We measured [Ca2+]i in isolated mudpuppy taste cells using calcium imaging with the Ca2+-sensitive fluorescent dye fura-2. Mature taste cells were identified by their elongate shape and apical fluorescence of the FITC-WGA applied to the epithelium before dissociation (Fig.1A,B). Under control conditions, isolated taste cells had intracellular calcium levels of 71 ± 1 nm (n = 203). Denatonium benzoate increased [Ca2+]i in >80% of the taste cells tested. The increase in [Ca2+]i occurred initially at the apical tip of the taste cell, then spread basolaterally until [Ca2+]i was increased over the entire cell (Fig. 1C). The initial response occurred in the apical end, even though the denatonium was bath-applied to the entire cell. The time course of the response is shown in Figure 1D. The peak response occurred near the first measurement, which was ∼5 sec after application of denatonium to the recording chamber. Intracellular Ca2+ levels began to decline in the presence of denatonium and then decreased further to baseline levels after the denatonium was washed from the chamber (Figs. 1D, 2). The peak [Ca2+]i elicited by 5 mmdenatonium benzoate was usually 50–150% of the resting [Ca2+]i (133 ± 4 nm,n = 203). Repeated applications of denatonium to the same cell resulted in similar increases in [Ca2+]i, as long as the cell was washed for at least 3 min after each application of denatonium (first application, 130 ± 12 nm; second application, 133 ± 14 nm, n = 16) (Figs. 1D,3). Sodium benzoate (5 mm) failed to increase [Ca2+]i in five taste cells that responded to denatonium benzoate (5 mm), suggesting that benzoate itself has no effect on the taste cells. We also measured [Ca2+]i in nontaste lingual epithelial cells; denatonium failed to increase [Ca2+]i in any of these cells.

Fig. 3.

Fig. 3.

Denatonium-induced changes in [Ca2+]i depended on intracellular stores. This graph shows maximum denatonium-induced changes in [Ca2+]i expressed as a percentage of resting [Ca2+]i. Cells were tested twice, before (hatched bars) and during or after (open bars) the treatments indicated, as illustrated in Figure 2[Ca2+-free bath solution (0 Ca; n = 17), thapsigargin (n = 34), ryanodine (n = 12), and U73122 (n = 18)]. Control cells were tested twice, as illustrated in Figure1D (n = 16), the first and second stimulations indicated by the hatched andopen bars, respectively.

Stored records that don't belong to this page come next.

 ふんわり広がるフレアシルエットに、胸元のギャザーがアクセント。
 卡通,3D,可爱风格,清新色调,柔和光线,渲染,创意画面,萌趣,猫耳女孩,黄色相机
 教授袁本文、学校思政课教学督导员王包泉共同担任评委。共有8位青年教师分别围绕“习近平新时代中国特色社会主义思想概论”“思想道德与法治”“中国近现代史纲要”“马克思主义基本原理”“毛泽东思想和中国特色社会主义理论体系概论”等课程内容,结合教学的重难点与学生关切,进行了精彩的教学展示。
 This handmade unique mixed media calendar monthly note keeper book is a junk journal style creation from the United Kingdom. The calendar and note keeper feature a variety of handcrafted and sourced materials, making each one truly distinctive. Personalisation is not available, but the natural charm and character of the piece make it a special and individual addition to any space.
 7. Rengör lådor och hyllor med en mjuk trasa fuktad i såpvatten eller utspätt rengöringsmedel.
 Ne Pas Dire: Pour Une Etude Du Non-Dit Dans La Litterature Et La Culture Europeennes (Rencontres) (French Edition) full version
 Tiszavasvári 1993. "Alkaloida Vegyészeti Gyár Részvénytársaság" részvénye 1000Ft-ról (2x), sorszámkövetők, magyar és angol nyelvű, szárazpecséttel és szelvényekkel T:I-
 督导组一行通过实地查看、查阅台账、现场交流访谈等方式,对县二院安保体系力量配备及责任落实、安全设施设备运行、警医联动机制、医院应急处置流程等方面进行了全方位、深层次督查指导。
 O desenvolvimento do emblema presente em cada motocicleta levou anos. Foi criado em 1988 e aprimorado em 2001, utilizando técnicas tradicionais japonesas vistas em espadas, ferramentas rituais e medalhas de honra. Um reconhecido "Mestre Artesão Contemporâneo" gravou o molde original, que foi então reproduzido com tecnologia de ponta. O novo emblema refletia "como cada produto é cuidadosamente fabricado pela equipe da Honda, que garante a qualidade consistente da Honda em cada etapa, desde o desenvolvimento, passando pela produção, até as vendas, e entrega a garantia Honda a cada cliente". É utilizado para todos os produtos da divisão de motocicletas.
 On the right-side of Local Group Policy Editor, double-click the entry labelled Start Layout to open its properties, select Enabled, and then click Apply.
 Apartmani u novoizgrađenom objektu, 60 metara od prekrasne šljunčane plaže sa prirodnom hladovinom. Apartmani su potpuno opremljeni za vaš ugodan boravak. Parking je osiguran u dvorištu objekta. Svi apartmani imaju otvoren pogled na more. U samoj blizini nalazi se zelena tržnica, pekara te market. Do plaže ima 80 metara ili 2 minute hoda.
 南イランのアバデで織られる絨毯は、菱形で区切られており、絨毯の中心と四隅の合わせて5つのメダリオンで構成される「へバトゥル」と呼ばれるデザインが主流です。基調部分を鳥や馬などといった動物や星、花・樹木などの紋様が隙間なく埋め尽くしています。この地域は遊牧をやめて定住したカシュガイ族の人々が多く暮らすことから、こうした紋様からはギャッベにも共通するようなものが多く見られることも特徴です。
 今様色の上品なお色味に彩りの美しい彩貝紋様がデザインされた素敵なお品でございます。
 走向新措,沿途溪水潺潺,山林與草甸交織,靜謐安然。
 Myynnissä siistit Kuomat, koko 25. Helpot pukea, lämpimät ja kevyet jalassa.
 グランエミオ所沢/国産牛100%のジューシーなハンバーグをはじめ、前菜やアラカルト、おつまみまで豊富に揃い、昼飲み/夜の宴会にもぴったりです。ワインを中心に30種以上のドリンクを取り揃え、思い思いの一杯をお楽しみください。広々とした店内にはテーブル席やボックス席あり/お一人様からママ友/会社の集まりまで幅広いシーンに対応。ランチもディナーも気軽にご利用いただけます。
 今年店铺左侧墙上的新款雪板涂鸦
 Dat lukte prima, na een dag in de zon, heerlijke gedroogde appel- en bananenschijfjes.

Calcium was released from intracellular stores

To determine whether extracellular Ca2+ was required, we measured [Ca2+]i in response to denatonium in Ca2+-free APS. In this medium, the resting [Ca2+]i was reduced (initial level, 73 ± 6 nm; Ca2+-free APS, 65 ± 2 nm; n = 17), but not significantly (paired, one-tailed Student’s t test = 1.52, df = 16,p = 0.07). The denatonium response persisted in all taste cells tested, although the magnitude of the response was usually smaller than in Ca2+-containing APS (Figs.2A, 3). This reduction in the denatonium response was statistically significant (paired Student’s t test = 2.37, df = 16, p < 0.05). These data illustrate that the response to denatonium persisted in Ca2+-free APS and suggest that at least the major part was mediated by calcium release from intracellular stores. To investigate the role of calcium stores in the response, we used thapsigargin, a Ca2+-ATPase inhibitor. Thapsigargin prevents calcium uptake into the intracellular stores (Chu et al., 1988; Meyer and Stryer, 1990; Thastrup et al., 1990). This results in a gradual depletion of calcium from the intracellular stores as the calcium leaks out and is not replenished. We tested the effect of thapsigargin on 34 cells that responded to denatonium. Thapsigargin (1 μm) increased [Ca2+]i to a variable extent in all of these cells. This increase in [Ca2+]i was slow, and the peak [Ca2+]i was smaller than the denatonium responses in most cells tested (initial level, 79 ± 4 nm; after thapsigargin, 108 ± 7 nm;n = 34). After a 16 min incubation with thapsigargin, which should be sufficient for store depletion, 5 mmdenatonium failed to increase [Ca2+]i in 27 of 29 cells tested (Figs. 2B, 3). This effect of thapsigargin on the response to denatonium was statistically significant (paired Student’s t test = 5.40, df = 26, p < 0.0001). These data strongly suggest that denatonium releases calcium from internal stores and not from extracellular influx, because thapsigargin inhibited completely the denatonium response. Thus, the decrease in the response to denatonium in Ca2+-free APS may be attributable to a requirement of extracellular Ca2+ for reloading of the intracellular stores, as has been shown in neurons (Thayer et al., 1988).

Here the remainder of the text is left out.